Sementara itu, Ketua Klasis GKI Aifat Raya, Pdt. Seprianus Asem, S.Th, menyampaikan terima kasih kepada Presiden RI atas bantuan yang diberikan kepada jemaat. Ia menegaskan gereja akan terus mendukung pemerintah dalam membina umat agar hidup takut akan Tuhan dan menjaga persaudaraan.
“Kami berharap pemerintah pusat melihat langsung kondisi di wilayah Aifat Selatan. Saat ini sudah tidak ada lagi zona merah, melainkan zona hijau dan aman. Gereja akan terus membina jemaat agar setia kepada Tuhan dan mendukung pembangunan di Maybrat,” tegas Pdt. Seprianus.
Ia juga menyampaikan bahwa Gedung Gereja GKI Solafide Tasimarah dijadwalkan akan diresmikan pada 14 Oktober 2025 mendatang.

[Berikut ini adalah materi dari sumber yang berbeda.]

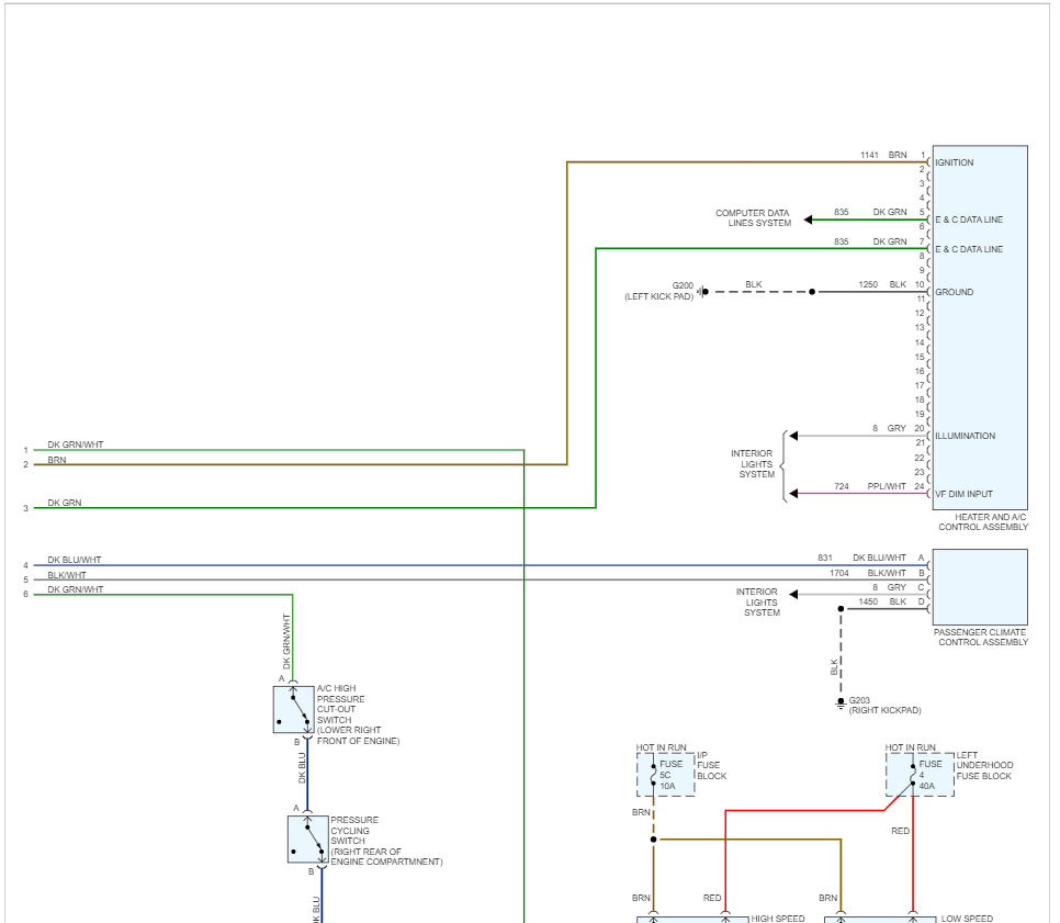 First my blower motor stayed on when the car was turned off, I disconnected the wire connection to motor to shut off. Sometime later I reconnected to troubleshoot, the motor came back on but shut down shortly after and would not come back on. Then a short time later the heater and A/C control panel shut down, it no longer lights up or shows outside temperatures, etc. I have checked all fuses under dash and under hood motor shows 8 to 19 ohms when tested. I tried to trace the purple and black wires coming from the motor but could not determine where they go once going through the firewall.

Turut hadir dalam kegiatan tersebut antara lain Manfred Mate, SE., M.Si Kadis Statistik Maybrat/tokoh masyarakat,Pdt. Seprianus Asem, S.Th Ketua Klasis Aifat Raya, Viktor Yater Kepala Distrik Aifat Timur Selatan,Silvester Faan (Kepala Kampung Fankahrio, Yohan Frabuku tokoh pemuda,
Prater Irto tokoh agama Katolik,Anggota Pos Satgas Yonmar 10/SBY Fankahrio,Tokoh adat, tokoh perempuan, serta masyarakat Distrik Aifat Selatan.
Kegiatan ditutup dengan doa bersama, disertai komitmen seluruh pihak untuk menjaga keamanan, mendukung pembangunan, serta mengedepankan nilai kasih dalam kehidupan bermasyarakat di Kabupaten Maybrat.